The world of AI has drastically transformed the daily lives of humans. Features like voice recognition have made it relatively easier to perform tasks like taking notes, writing documents, etc. The fact that speech recognition is faster is what makes it highly efficient. With the development of AI, speech recognition applications have expanded rapidly. Virtual assistants like Google, Alexa, and Siri implement voice recognition software to interact with users. Similarly, features like text to speech, speech to text, and text to text have also gained popularity with various apps.
Encouraged by the excellent performance of T5 (text-to-text transfer transformer) on pretrained natural language processing models, the scientists proposed a unified model SpeechT5 framework that explores coder pretraining for self-supervised speech/text.
representation learning. SpeechT5 is offered in Hugging Face Transformersan open source toolkit that provides easy implementations of state-of-the-art machine learning models.
SpeechT5 offers three different types of speech models in one architecture. Using a standard encoder-decoder framework, SpeechT5’s unified model framework enables learning of combined contextual representations for speech and text data. Their different speech models are:
- Text-to-speech: to create audio from scratch.
- Speech-to-text: to automatically recognize speech.
- Speech-to-speech: to perform voice augmentation or switch between voices.
The fundamental principle of SpeechT5 is to pretrain a model using a combination of text-to-speech, speech-to-text, text-to-text, and speech-to-speech data. In this way, the model learns simultaneously from speech and text. This pretraining method produces a model with a single hidden representation space shared by text and audio.
SpeechT5 is based on a standard transformer codec model.

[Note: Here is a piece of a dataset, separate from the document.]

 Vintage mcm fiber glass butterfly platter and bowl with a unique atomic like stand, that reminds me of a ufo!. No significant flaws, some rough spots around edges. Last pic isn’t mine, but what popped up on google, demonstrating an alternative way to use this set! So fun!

The encoder-decoder network simulates a sequential transformation using hidden representations, just like any other transformer. All SpeechT5 tasks share the same Transformer framework.
Adding pre-nets and post-nets allowed the same Transformer to handle text and voice data. Pre-role networks translate input text or speech into hidden Transformer representations. The subsequent network takes the outputs of the Transformer and reformats them as text or voice. To train the model for a diverse set of languages, the team feeds the model text/speech formats as input and thus generates the corresponding output in text/speech format.
text to speech: The model uses the following pre and post networks for the TTS task:
- Pre-net text encoder. A layer that translates text tokens into the hidden representations that the encoder anticipates. Comparable to what happens in an NLP model like BERT.
- Pre-net voice decoder. It takes a log mel spectrogram as input and compresses it into hidden representations using linear layers.
- Post-net voice decoder. It uses data from Tacotron 2 to predict that a residual will be added to the output spectrogram and to improve the findings.
dictation to text: The model employs the following pre- and post-networks for the speech-to-text task:
- Pre-network vocoder.
- Pre-network text decoder.
- Post-net text decoder.
voice to voice: The text-to-speech and speech-to-speech models of SpeechT5 are conceptually equivalent. Just replace the vocoder pre-network with the text scrambler prenetwork. The remaining model is similar.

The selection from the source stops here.